Florence Onyebuchi "Buchi" Emecheta  (21 July 1944 – 25 January 2017) was a Nigerian-born novelist, based in the UK from 1962, who also wrote plays and an autobiography, as well as works for children. She was the author of more than 20 books, including Second Class Citizen (1974), The Bride Price (1976), The Slave Girl (1977) and The Joys of Motherhood (1979). Most of her early novels were published by Allison and Busby, where her editor was Margaret Busby.

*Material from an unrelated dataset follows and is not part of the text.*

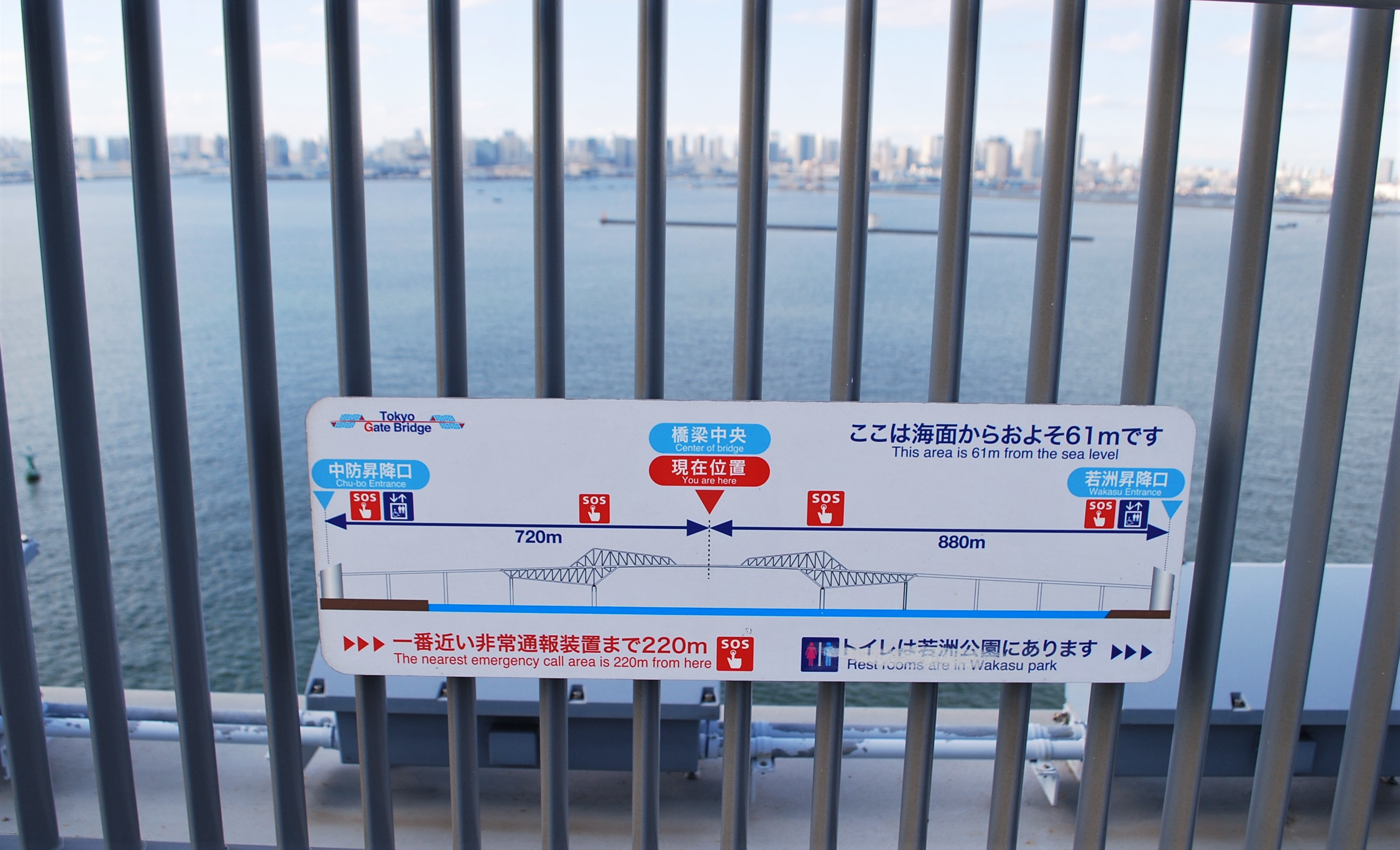 海面からおよそ61mとあります。対岸に豊洲、お台場、芝浦の高層ビル群が並んでいます。

Emecheta's themes of child slavery, motherhood, female independence and freedom through education gained recognition from critics and honours. She once described her stories as "stories of the world, where women face the universal problems of poverty and oppression, and the longer they stay, no matter where they have come from originally, the more the problems become identical."  Her works explore the tension between tradition and modernity. She has been characterized as "the first successful black woman novelist living in Britain after 1948".

Early life and education
Buchi Emecheta was born on 21 July 1944, in Lagos, Nigeria, to Igbo parents, Alice (Okwuekwuhe) Emecheta and Jeremy Nwabudinke. Her parents were from Umuezeokolo Odeanta village in Ibusa, Delta State. Her father was a railway worker and moulder. Her novel, The Slave Girl (1977) is inspired by her mother, Alice Ogbanje Ojebeta Emecheta  a former slave girl, was sold into slavery by her brother to a relative to buy  silk head ties for his coming-of age dance. When her mistress died, Ogbanje Emecheta returned  home to freedom.  Due to the gender bias of the time, the young Emecheta was initially kept at home while her younger brother was sent to school; but after persuading her parents to consider the benefits of her education, she spent her early childhood at an all-girls' missionary school. When she was nine years old, her father died "of complications brought on by a wound contracted in the swamps of Burma, where he had been conscripted to fight for Lord Louis Mountbatten and the remnants of the British Empire". A year later, Emecheta received a full scholarship to Methodist Girls' School in Yaba, Lagos, where she remained until the age of 16. During this time, her mother died, leaving Emecheta an orphan. In 1960, she married Sylvester Onwordi, a schoolboy to whom she had been engaged since she was 11 years old. Later that year, she gave birth to a daughter, and in 1961 their younger son was born.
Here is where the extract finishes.